**Problem to work on:** Extract exactly and only the lines of the data below, starting at the line with "État : Bon état" and stopping after the final line.

━━━━━ Records for processing ━━━━━

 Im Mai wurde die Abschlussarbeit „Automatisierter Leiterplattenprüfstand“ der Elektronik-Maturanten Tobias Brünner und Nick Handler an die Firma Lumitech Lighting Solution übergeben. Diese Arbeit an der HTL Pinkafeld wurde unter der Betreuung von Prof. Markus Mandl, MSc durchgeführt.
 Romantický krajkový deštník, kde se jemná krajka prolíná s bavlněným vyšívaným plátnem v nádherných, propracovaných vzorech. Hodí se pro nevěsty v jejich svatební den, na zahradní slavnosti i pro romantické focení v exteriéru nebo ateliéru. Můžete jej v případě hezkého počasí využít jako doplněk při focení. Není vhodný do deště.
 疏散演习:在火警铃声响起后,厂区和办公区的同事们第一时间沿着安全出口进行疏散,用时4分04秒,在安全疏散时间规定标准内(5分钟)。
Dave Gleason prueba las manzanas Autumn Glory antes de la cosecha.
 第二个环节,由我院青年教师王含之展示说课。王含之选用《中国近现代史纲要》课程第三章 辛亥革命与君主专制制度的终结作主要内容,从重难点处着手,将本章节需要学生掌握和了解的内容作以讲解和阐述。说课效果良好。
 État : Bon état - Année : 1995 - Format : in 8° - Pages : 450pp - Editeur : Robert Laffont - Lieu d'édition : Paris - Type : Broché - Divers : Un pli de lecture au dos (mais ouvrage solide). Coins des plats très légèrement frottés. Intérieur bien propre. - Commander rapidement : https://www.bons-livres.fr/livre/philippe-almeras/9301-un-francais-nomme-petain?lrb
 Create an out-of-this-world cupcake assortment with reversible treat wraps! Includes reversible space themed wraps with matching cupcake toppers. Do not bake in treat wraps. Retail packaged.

━━━━━

**Exercise response:**
 État : Bon état - Année : 1995 - Format : in 8° - Pages : 450pp - Editeur : Robert Laffont - Lieu d'édition : Paris - Type : Broché - Divers : Un pli de lecture au dos (mais ouvrage solide). Coins des plats très légèrement frottés. Intérieur bien propre. - Commander rapidement : https://www.bons-livres.fr/livre/philippe-almeras/9301-un-francais-nomme-petain?lrb
 Create an out-of-this-world cupcake assortment with reversible treat wraps! Includes reversible space themed wraps with matching cupcake toppers. Do not bake in treat wraps. Retail packaged.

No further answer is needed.